Convergence: Theory into Practice

Peer Reviewing the Peer Review Game

Following the development meeting, we sent that script out for blind peer review. It might be interesting for readers who have never participated in a publisher’s review to know how seriously we take the feedback we receive from reviewers. It is written up, mulled over, analyzed, discussed, and incorporated. Peer reviewers are important partners in the development process. Below is an excerpt from an internal memo summarizing our reviewer’s feedback.

May 7, 2006

To: Ryan Moeller, KS, NC, JF, DW, EA, HW, KH

From: KW, LK, EB

RE: Peer Factor: Episode One, Giving Feedback: Questionnaire Summary

The Respondents

Our 11 respondents are experienced composition teachers from 2- and 4-year colleges across the country. Most conduct peer review in class, with students in groups of three or four. Two respondents conduct whole-class, instructor-led sessions in addition to or instead of small-group peer review. Most respondents use peer review response sheets—some distribute these before class, others during. All respondents ask their students to complete a written response to their peers’ work. Several respondents ask their students to read their papers aloud in peer review sessions. One respondent uses Comment [Comment is Bedford/St. Martin’s peer review tool].

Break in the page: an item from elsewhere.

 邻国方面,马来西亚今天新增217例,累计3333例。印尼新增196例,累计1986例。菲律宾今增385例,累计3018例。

General Assessment and Likelihood of Using the Game

Respondents described the game as an accessible introduction to peer review, a useful model for peer review strategies and language, a low-risk arena in which to practice the peer review process, and a constructive starter for class discussions about peer review techniques. As one respondent said, “I think Peer Factor fills a well-needed niche, and does it well.”

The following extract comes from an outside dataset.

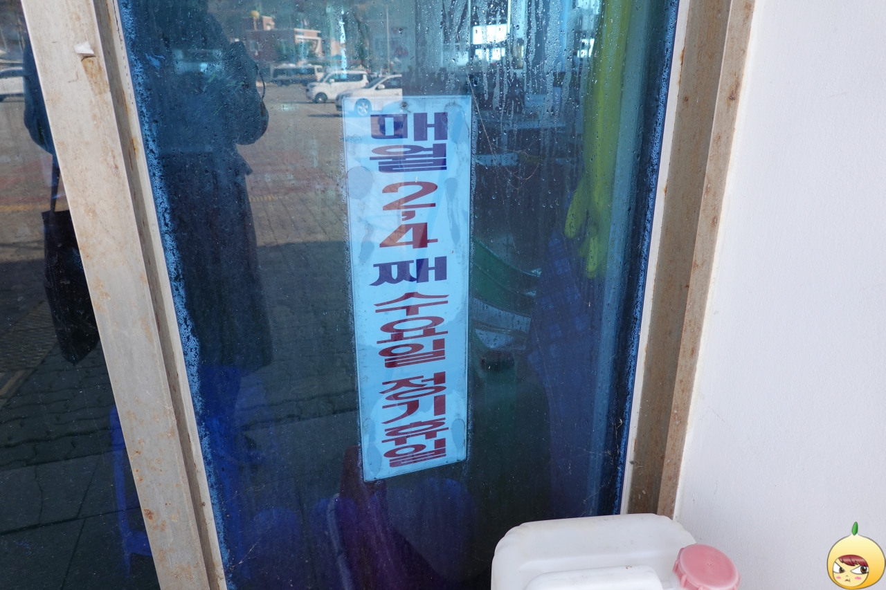 한적하니 좋아 좋아 하면서 걷다 보니, 어느새 수협활어직판장 앞에 도착을 했다. 여기도 영업 전인가 싶어 문을 열었는데, 아뿔사 문이 잠겨 있다. 그때 눈에 들어온 안내판, '매월 2, 4째 수요일 정기휴일'. 경주 감포로의 여행을 준비하면서 푹풍검색에 랜선답사도 마쳤는데, 가장 중요하다고 할 수 있는 정기휴일을 파악하지 못했다.

Most respondents reported that they would be “very likely” to use the game.

Best Practices

Most respondents thought the best practices were well modeled in the game. As one reviewer said, “I suspect I could have listed several of the best practices in a quiz after reading the script for the game, even without having been a teacher of the subject first.”

Referring to Best Practice #3, Talk the Peer Review Talk, one respondent suggested beefing up the game script with even more peer review words and phrases, especially those related to audience, tone, stance, bias, coherence, structure, thesis, and clarity.

Three respondents suggested that we revisit and clarify the first best practice, which now reads:

As a peer reviewer, your first task is not to evaluate the essay but to see it clearly. Before you begin to make judgments, first be sure you can describe what you see.

While confirming that students do need to verbalize what the writer is saying before responding to how well the writing works, these respondents expressed concern that, as worded, this best practice would reinforce students’ habit of giving vague, uncritical comments.

Two respondents suggested adding a best practice on audience—one that would remind students to respond as readers as well as critics (by pointing to parts of an essay that are amusing or affecting, for example). Two other respondents suggested adding a best practice on students’ responsibility to each other—one that would remind students to respond as fellow writers as well as readers and critics.

We also asked reviewers to evaluate the paper assignment, the characters, the paper topics, as well as each individual response in the script. They told us where we did and did not strike the right balance, challenging but not overwhelming. They evaluated the student papers, the dialogue, and the game play scenarios.